Paradójicamente, muchos de los que en esos debates se sitúan del lado del individualismo, aquellos que no se creen responsables del destino de su comunidad y sus conciudadanos, reclaman hoy al Gobierno una respuesta contundente y esperan del sistema público de salud una fortaleza titánica. Es más, afirman con firmeza que no se puede esperar simplemente que los individuos sean responsables voluntariamente, que es necesario imponer prohibiciones que obliguen, además de sugerir. No pretendo caer en la provocación ni ensañarme en las contradicciones, pero sí señalar la importancia de entender que todos esos debates son, en esencia, el mismo: dirimir qué relación se establece entre el individuo y la comunidad, qué papel juega cada uno en el destino del otro.
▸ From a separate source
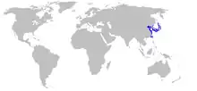 The range of the Japanese bullhead shark extends from Japan to the Korean Peninsula, and southward along the coast of China to Taiwan. A single, apparently erroneous, record from off East Africa is reported. This bottom-dwelling shark inhabits the continental shelf at a depth of 6–37 m (20–121 ft), preferring areas covered by rocks, rocky reefs, or kelp.[1]
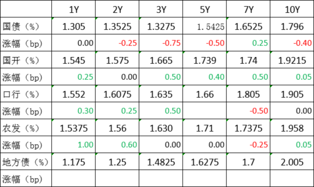 截止17:15,利率债二级市场中,利率成交价格总体呈上涨趋势,其中上涨程度较大的有3年期口行债,收益率上涨0.5bp,报1.635%;1年期农发债,收益率上涨1bp,报1.5375%;2年期农发债,收益率上涨0.6bp,报1.56%,3年期国开债,收益率上涨0.5bp,报1.665%。

La realidad aumentada en la que nos sumerge el coronavirus pone de manifiesto la imposibilidad de materializar ciertas cosmovisiones si no es al precio de desahuciar a grandes sectores de la población. Como han explicado las autoridades y hemos entendido todos, nos aislamos porque la vida de nuestros mayores y de las personas más vulnerables importa, y reconocemos nuestra responsabilidad en lo que les pueda pasar. Le exigimos una respuesta al Estado porque el Estado es la forma organizada en la que nos podemos manifestar conjuntamente como comunidad, el único con legitimidad para imponer y con capacidad para llegar a todas partes. Y esperamos que, llegado el caso, nuestros sanitarios puedan ayudarnos a superar la enfermedad porque, ante la ausencia clamorosa de lo privado, solo lo público antepone el valor de la vida a los beneficios económicos. Acordémonos de esto cuando todo acabe y la realidad vuelva a su tamaño habitual. Aunque los problemas parezcan empequeñecerse y las soluciones se nos antojen distintas, solo en la razón común encontraremos la respuesta.